God’s death penalty is neither unjust, nor too severe. God could have blotted Adam and his race out of existence, but He had a higher purpose – to use the trials and experiences under the curse to prepare mankind to take a wiser course. If sin’s penalty was eternal torment, our redemption would have cost our Lord that price. But Christ does not suffer eternal torment, for 1 Corinthians 15: 3 states, “Christ died for our sins,” and Hebrews 2: 9 declares that “he by the grace of God should taste death for every man.” How marvelous is the wisdom and economy of our great Creator! The whole world has been condemned for one man’s disobedience, so that He might have mercy upon all through the obedience of another, our Lord Jesus Christ. That does not mean that we have no individual responsibility, for every sin, in proportion to its willfulness, degrades character and will make it that much more difficult to overcome in the next Age.

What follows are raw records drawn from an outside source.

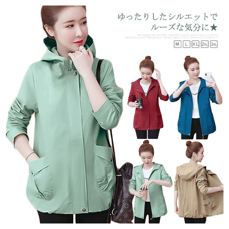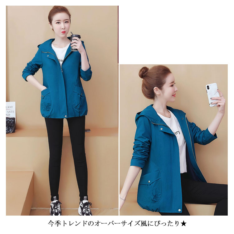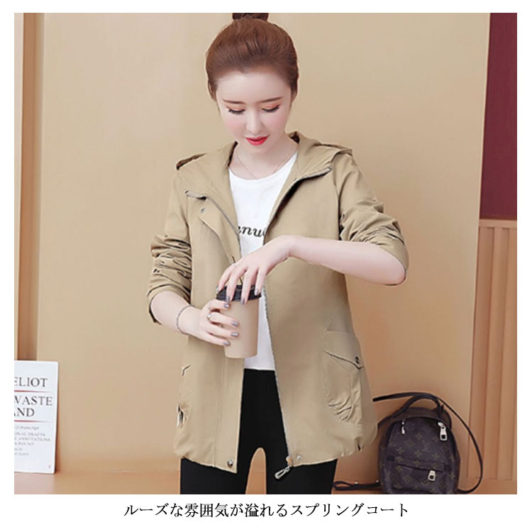 送料無料 スプリングコート レディース トレンチコート 長袖 ゆったり カジュアルコート パーカコート フード付きコート オーバーサイズ ルーズ お洒落 カジュアル アウター コート 体型カバー 春秋 秋新作
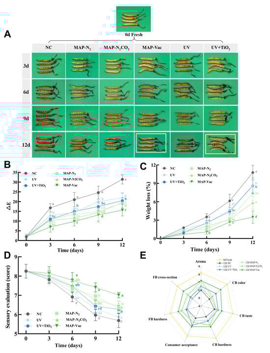 Changes in C. sinensis’s apparent quality: including (A) color quality, (B) color difference, (C) weight loss, (D) sensory evaluation, and (E) differences in sensory attribute ratings. The vertical bar represents the SDs of replicates; different letters indicate significant differences between treatment groups. Note: NC: negative control group; UV: ultraviolet light irradiation; UV + TiO2: photocatalysis as ultraviolet light irradiated with the presence of TiO2; MAP-N2: modified atmosphere packaging with 100% N2; MAP-N2CO2: modified atmosphere packaging with 80% N2 and 20% CO2; and MAP-Vac: vacuum packaging sealed with air moved.
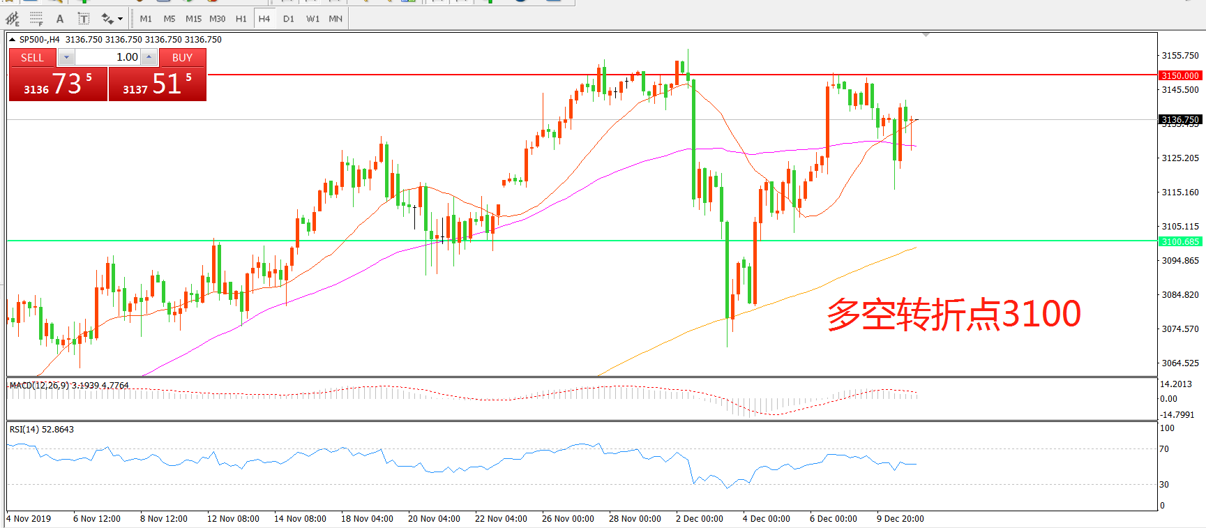 多空转折点:3100.00
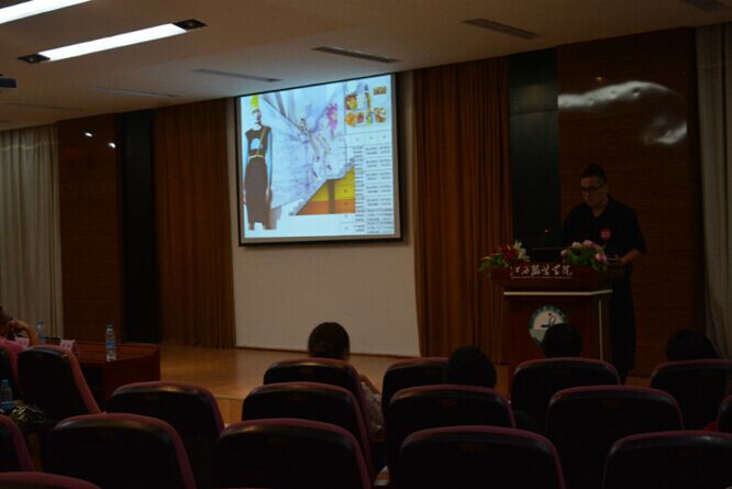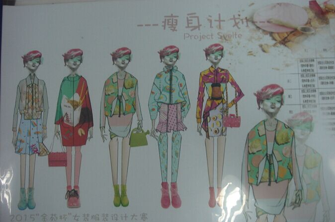 今年5月初,就业指导中心开始在全校范围内启动了“金苑”女装款式设计大赛,通过校园海报、横幅、电子屏和学校网站等多途径广泛宣传本次比赛,共收到了各年级的368份作品,经过企业评选出30份作品参加总决赛。总决赛中选手结合PPT演示文稿,讲解所设计的款式图寓意和灵感来源。
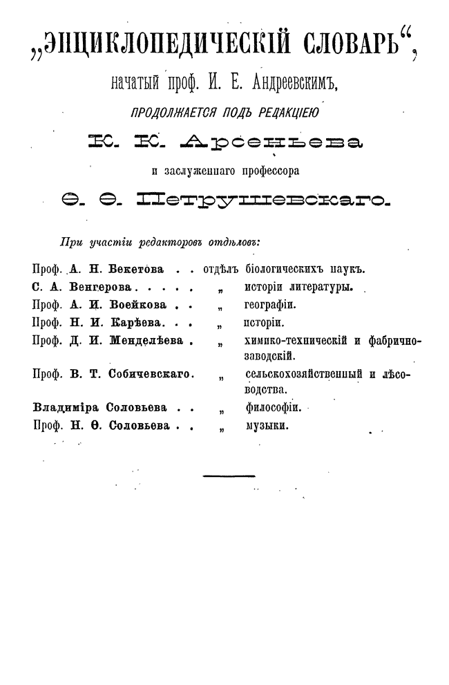 После кончины Андреевского новая редакция во главе с К. К. Арсеньевым и Ф. Ф. Петрушевским значительно увеличила число оригинальных статей и привлекла к сотрудничеству широкий круг общественно-политических деятелей либерального толка (от П. Н. Милюкова, В. И. Герье, Н. И. Кареева до легальных марксистов П. Б. Струве и М. И. Туган-Барановского, раздел философии вел крупнейший русский религиозный философ Вл. С. Соловьев), а также таких крупнейших ученых как Д. И. Менделеев, А. И. Бекетов, А. И. Воейков, Д. И. Анучин, Ю. М. Шокальский, Н. М. Книпович, А. О. Ковалевский, А. И. Советов, В. С. Соловьев и др.
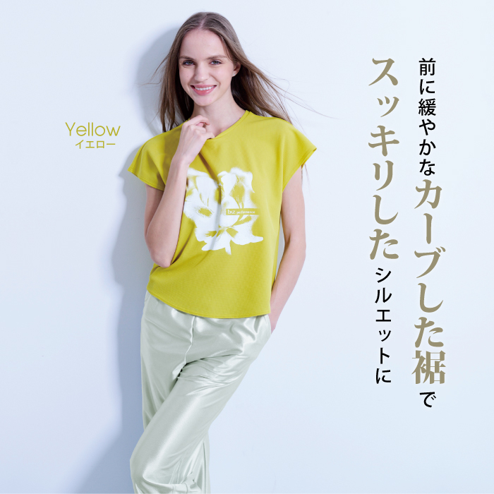 前に緩やかなカーブした裾で、スッキリしたシルエットに
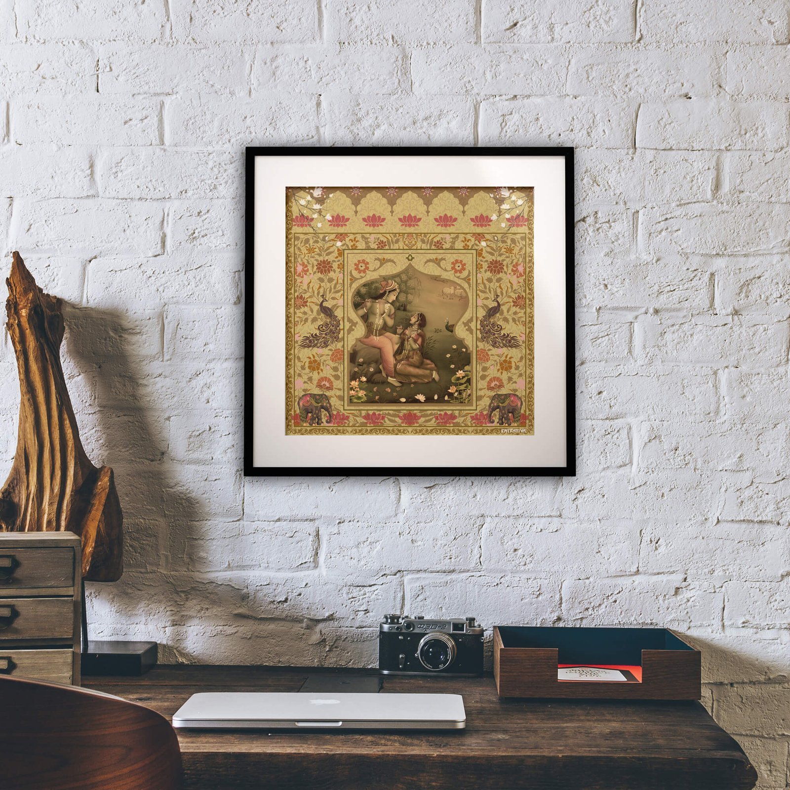 - Art-Inspired Design – Features a majestic peacock with royal arches and floral detailing in a soft, earthy palette.
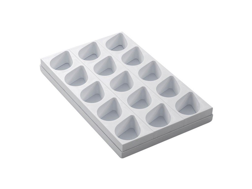 Tvar trojúhelník, rozměr formy 26 × 40 cm, kapacita 12 ks, objem jedné porce 150 ml, materiál plast, barva bílá.
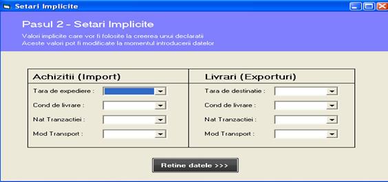 Aceste setari implicite sunt folosite pentru automatizarea procesului de introducere a datelor din facturi. Spre exemplu daca majoritatea achizitiilor comunitare au conditia de livrare EXW atunci introduceti valoarea EXW la setari implicite pentru achizitii. Aceasta va ajuta la introducerea datelor, la fiecare pozitie introdusa programul va propune automat conditia de livrare EXW.
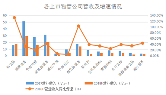 公开资料显示,自2015 年来,碧桂园服务发展较快,营业收入从2015年的16.73亿元增长到2017年的31.23亿元,2018年上半年更是达到了20.23亿元,同比增长42.23%。截至2018年上半年,公司在全国260个城市总计管理建筑面积达136.8百万平方米,项目数为536个,其中以住宅项目为主,占2017年上半年所管理建筑面积的98.7%。收入占比方面,住宅收入占比从2015年的99.9%下降至2017年的95.4%。
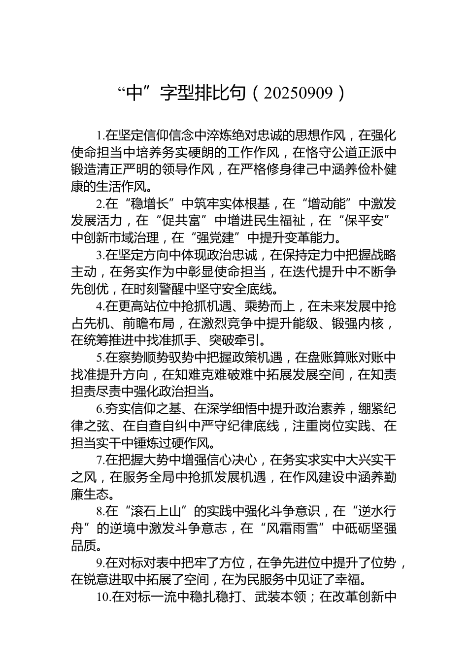 “中”字型排比句(20250909)1.在堅(jiān)定信仰信念中淬煉絕對(duì)忠誠(chéng)的思想作風(fēng),在強(qiáng)化使命擔(dān)當(dāng)中培養(yǎng)務(wù)實(shí)硬朗的工作作風(fēng),在恪守公道正派中鍛造清正嚴(yán)明的領(lǐng)導(dǎo)作風(fēng),在嚴(yán)格修身律己中涵養(yǎng)儉樸健康的生活作風(fēng)。2.在“穩(wěn)增長(zhǎng)”中筑牢實(shí)體根基,在“增動(dòng)能”中激發(fā)發(fā)展活力,在“促共富”中增進(jìn)民生福祉,在“保平安”中創(chuàng)新市域治理,在“強(qiáng)黨建”中提升變革能力。3.在堅(jiān)定方向中體現(xiàn)政治忠誠(chéng),在保持定力中把握戰(zhàn)略主動(dòng),在務(wù)實(shí)作為中彰顯使命擔(dān)當(dāng),在迭代提升中不斷爭(zhēng)先創(chuàng)優(yōu),在時(shí)刻警醒中堅(jiān)守安全底線。4.在更高站位中搶抓機(jī)遇、乘勢(shì)而上,在未來(lái)發(fā)展中搶占先機(jī)、前瞻布局,...
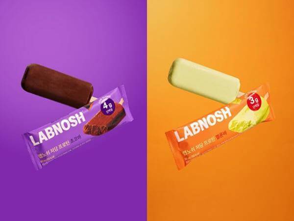 단백질 간편식 브랜드 랩노쉬는 당은 낮추고 단백질 함량을 높인 건강 아이스크림 ‘랩노쉬 저당 프로틴바’ 2종을 출시했다. 랩노쉬 저당 프로틴바는 설탕 대신 대체당을 사용해 당류 함량을 2g까지 낮췄으며, 단백질과 식이섬유를 더해 건강까지 고려한 것이 특징이다. 신제품은 고급스럽고 진한 풍미의 초코맛과 부드럽고 달콤한 과즙향이 가득한 멜론맛의 2종이다. 저당 프로틴 멜론바에는 단백질 3g, 식이섬유 4g이 함유됐다. 편의점 기준 판매가는 3,000원이다.
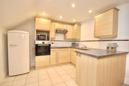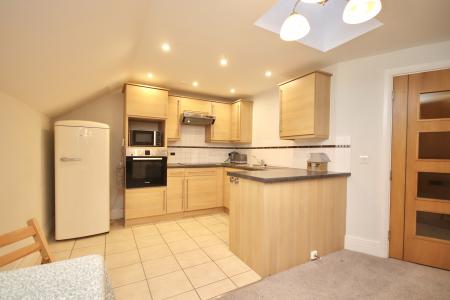 OPEN PLAN LIVING KITCHEN DINER 22' 1 (max)" x 17' 2 (max)" (6.73m x 5.23m) Kitchen area fitted with a modern range of wall and base units with work surfaces over, stainless steel sink with side drainer and mixer tap over, integrated dishwasher, space for fridge freezer, eye level electric oven, electric hob with extractor fan, tiled flooring, spotlights and skylight. The lounge area has double glazed window, electric fire set within a decorative fireplace and electric radiator.
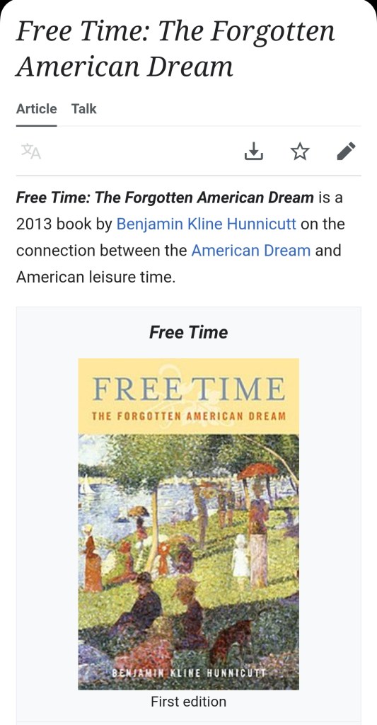- https://en.m.wikipedia.org/wiki/Free_Time:_The_Forgotten_American_Dream (affiliate this)
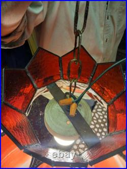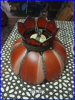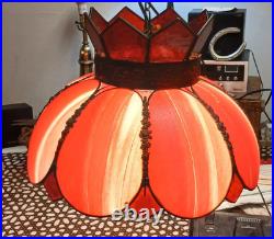 Vintage Red Slag Glass Hanging Tulip Lamp
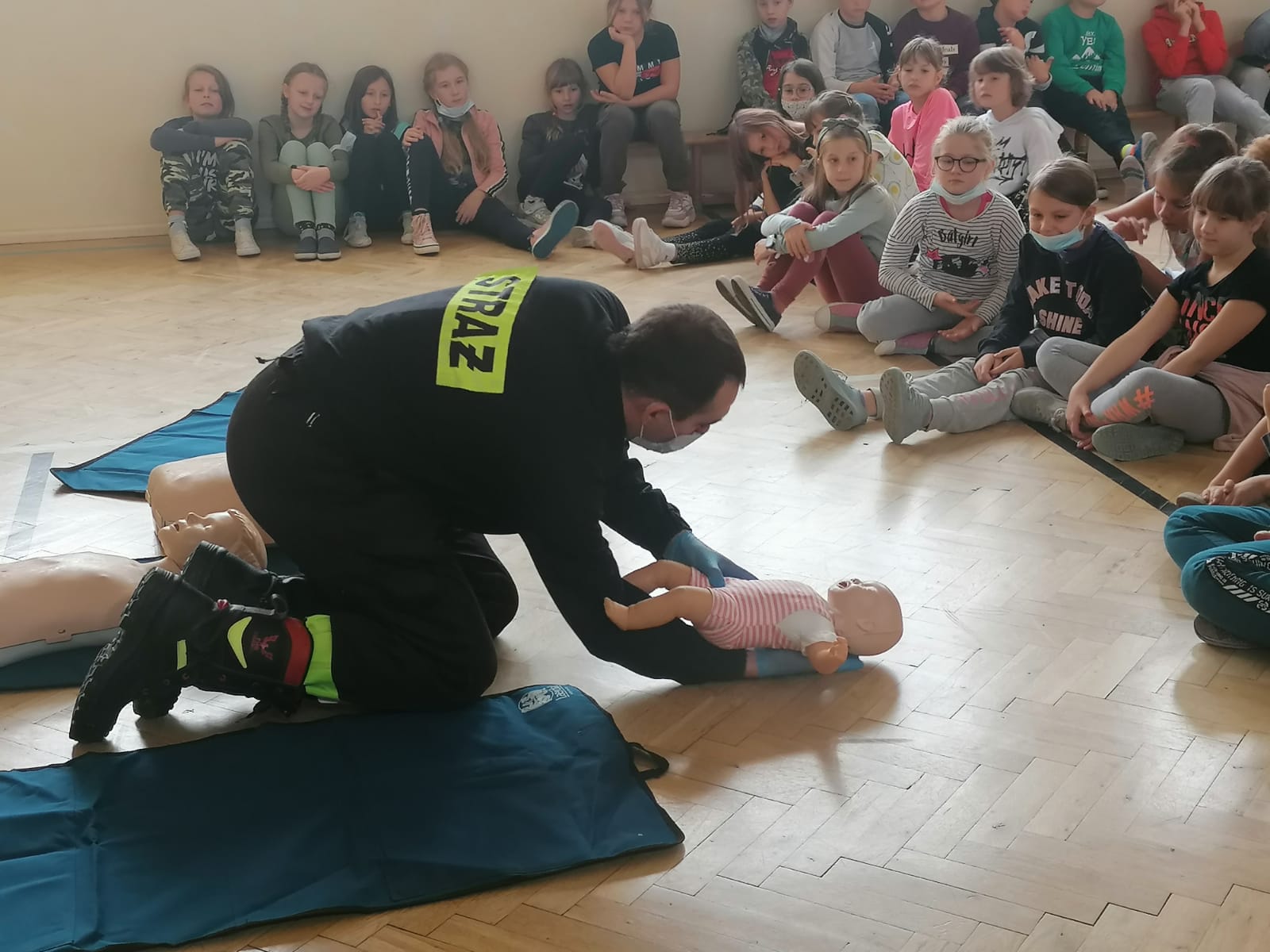 4 listopada 2021 roku żyrardowscy strażacy z Komendy Powiatowej PSP w Żyrardowie odwiedzili dzieci klas trzecich ze Szkoły Podstawowej nr 1 w Żyrardowie. Funkcjonariusze przeprowadzili zajęcia, podczas których pokazali jak prawidłowo udzielać kwalifikowanej pomocy przedlekarskiej w sytuacjach mogących wydarzyć się w życiu codziennym, takich jak: zadławienie, omdlenie czy resuscytacja krążeniowo - oddechowa. Po zakończeniu pokazu chętni uczniowie mogli samodzielnie przećwiczyć udzielanie pierwszej pomocy.

The Resurrection of the Dead
Our Lord’s miracles foreshadowed His great Millennial works. All the sick, lame, blind and dead will be revived, and given the opportunity to attain human perfection, and gain eternal life, but the disobedient will go into the Second Death (Acts 3: 23). Our Lord’s most notable miracle was the raising of Lazarus from the dead (John 11), but Jesus intimated that what He did for Lazarus He would do for Adam and his race. Jesus stated, “The hour is coming, in the which all that are in the graves shall hear his voice, and shall come forth” (John 5: 28, 29). Isaiah 61: 1 reads, “To proclaim liberty to the captives, and the opening of the prison to them that are bound.” This passage is not referring to a literal prison, but to the great prison-house of death, the tomb, which holds over 30 billion of our race.
God’s Word alone answers the question, Where are the Dead? And it answers that the dead are dead, and that our hopes are centered in the redemptive work of Christ, and His resurrection work at His Second Advent. We rejoice that soon Satan will be bound, his kingdom will be destroyed and God’s Kingdom will be established in all the earth.